MartinoMensio / spacy-universal-sentence-encoder

Google USE (Universal Sentence Encoder) for spaCy
MIT License
176 stars 12 forks source link

KeyError when added as a pipe #14

Closed debraj135 closed 3 years ago

debraj135 commented 3 years ago

While the first and second option in the readme for using this works the third option

import spacy
# this is your nlp object that can be any spaCy model
nlp = spacy.load('en_core_web_sm')

# add the pipeline stage (will be mapped to the most adequate model from the table above, en_use_md)
nlp.add_pipe('universal_sentence_encoder')

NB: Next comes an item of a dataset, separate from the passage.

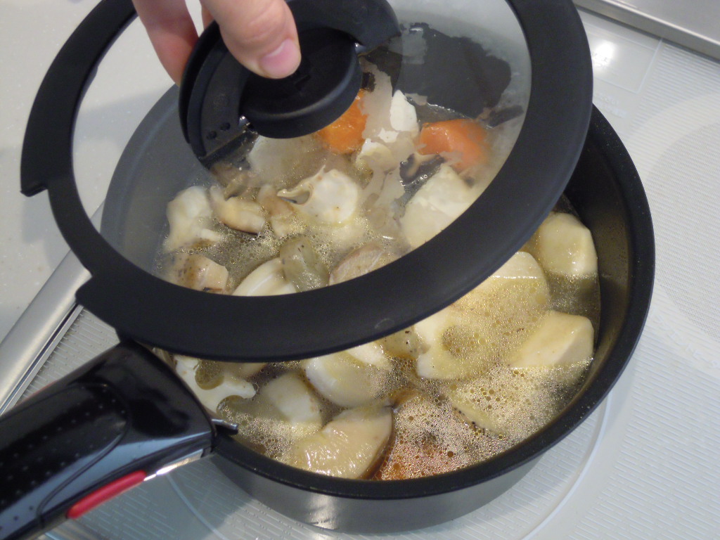 しいたけがしんなりしたら昆布だしを加え、ふたをして弱火で煮る(20~40分)。

throws a keyerror of the form

File "/.../spacy_universal_sentence_encoder/language.py", line 77, in use_model_factory
    config = util.configs[model_name]
KeyError: 'en_core_web_sm'

Is this behavior expected?

Thank you for any help.

MartinoMensio commented 3 years ago

Hi @debraj135, Thank you for opening the issue. It is not the expected behaviour. There was a little bug. It should now work as expected. Please install the updated v0.4.1

Best, Martino

debraj135 commented 3 years ago

Thank you, this works now. I believe I have encountered another issue outlined in this snippet

>>> import spacy
>>> nlp = spacy.load('en_core_web_lg')
>>> nlp.add_pipe('universal_sentence_encoder')
<spacy_universal_sentence_encoder.language.UniversalSentenceEncoder object at 0x1f65fc080>
>>> doc = nlp('Hi there, how are you?')
>>> doc.vector.shape
(512,)
>>> doc[:5].vector.shape
(512,)
>>> doc[:1].vector.shape
(300,)
>>> doc[0].similarity(doc)
Traceback (most recent call last):
  File "<stdin>", line 1, in <module>
  File "spacy/tokens/token.pyx", line 212, in spacy.tokens.token.Token.similarity
  File "<__array_function__ internals>", line 6, in dot
ValueError: shapes (300,) and (512,) not aligned: 300 (dim 0) != 512 (dim 0)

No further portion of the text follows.